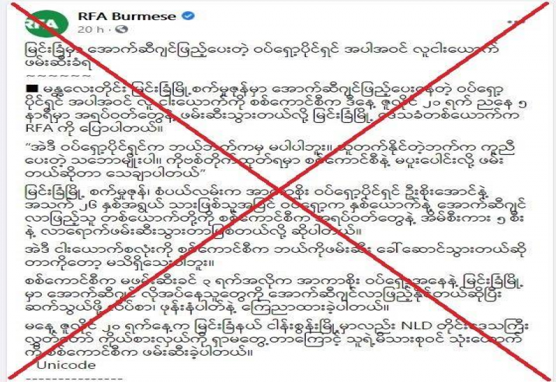 မြင်းခြံမြို့နယ် စက်မှုဇုန်ရှိ အောက်ဆီဂျင်ဖြည့်ပေးနေသော ဝပ်ရှော့ပိုင်ရှင် အပါအဝင် လူခြောက်ဦးကို လုံခြုံရေးတပ်ဖွဲ့ဝင်များက အရပ်ဝတ်များဖြင့် လာရောက်ဖမ်းဆီးသွားသည့် သတင်းအား RFA က ဖြစ်စဉ် အမှန်စိစစ်ခြင်း မရှိဘဲ ကျင့်ဝတ်မဲ့စွာ ထုတ်ပြန်ထား ကြောင်းသိရသည်။
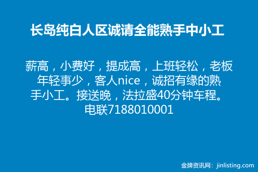 长岛纯白人区诚请全能熟手中小工,薪高,小费好,提成高,上班轻松,老板年轻事少,客人nice,诚招有缘的熟手小工。接送晚,法拉盛40分钟车程。电联7188010001
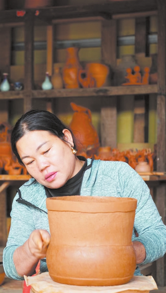 展示架上,神牛陶的犄角弯得遒劲,仿佛下一秒就要迈开蹄子;大力神陶的肌肉线条鼓着劲儿,手掌张开,像是能托住整个村寨的烟火;蒸饭锅的肚子圆滚滚的,锅沿压出波浪纹。“以前黎家人上山劳作,就用这个蒸饭,柴火一烧,饭香能飘出很远。”现场工作人员介绍。
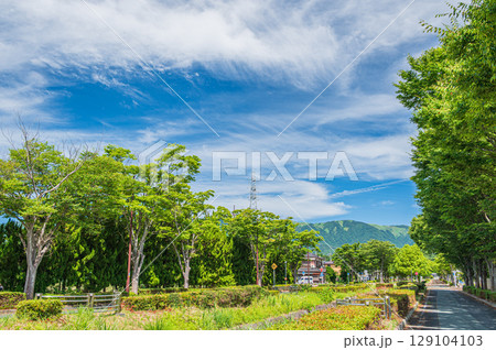 JR湖西線マキノ駅前通りの並木道 アクアパレス通り 滋賀県高島市マキノ町
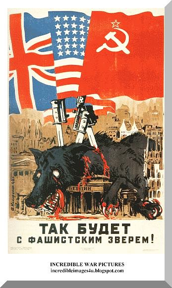 Ce faceau americanii de capul lor ca urmare a acelei aliante, ei stiau, ca doar trebuiau sa creeze impresia necesara....insa de asteptat au asteptat cu MULT dupa punctul in care le-a FOST CLAR ca RUSII vor ajunge invingatori la Berlin....si pentru a-i opri sa "elibereze" si restul Europei pina la Atlantic...au intrat in actiune rapida, disperata, chiar cu pretul unei debarcari dezastruoase, asa cum a fost cea din Normandia. |
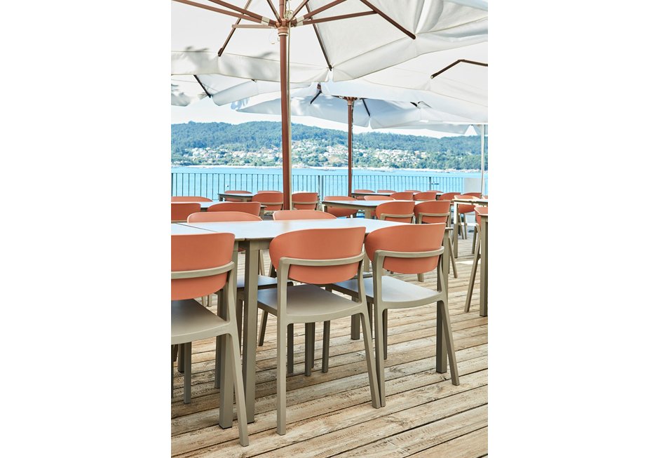 Stackable outdoor chair made of fiberglass reinforced polypropylene. Available in various shades upon request, with dimensions 49x51x78h cm and seat height 45h cm.
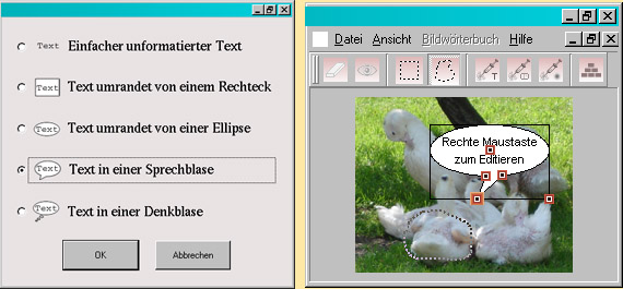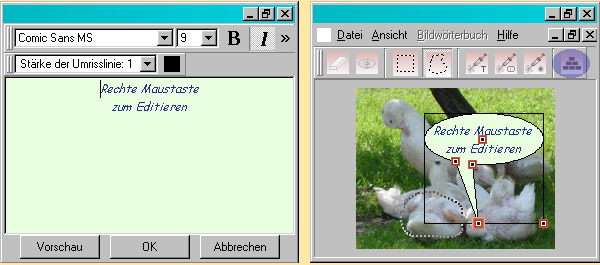 Sprechblasen zuvor ausgewählten Regionen zugeordnet. Sprechblasen können

- - - -

§ **Goal of the exercise**
Omit all pictures, and repeat exactly the lines from the line containing "JR湖西線マキノ駅前通りの並木道 アクアパレス通り 滋賀県高島市マキノ町" through the end of the data.

§ **Answer for the task**
 JR湖西線マキノ駅前通りの並木道 アクアパレス通り 滋賀県高島市マキノ町
 Ce faceau americanii de capul lor ca urmare a acelei aliante, ei stiau, ca doar trebuiau sa creeze impresia necesara....insa de asteptat au asteptat cu MULT dupa punctul in care le-a FOST CLAR ca RUSII vor ajunge invingatori la Berlin....si pentru a-i opri sa "elibereze" si restul Europei pina la Atlantic...au intrat in actiune rapida, disperata, chiar cu pretul unei debarcari dezastruoase, asa cum a fost cea din Normandia. |
 Stackable outdoor chair made of fiberglass reinforced polypropylene. Available in various shades upon request, with dimensions 49x51x78h cm and seat height 45h cm.
 Sprechblasen zuvor ausgewählten Regionen zugeordnet. Sprechblasen können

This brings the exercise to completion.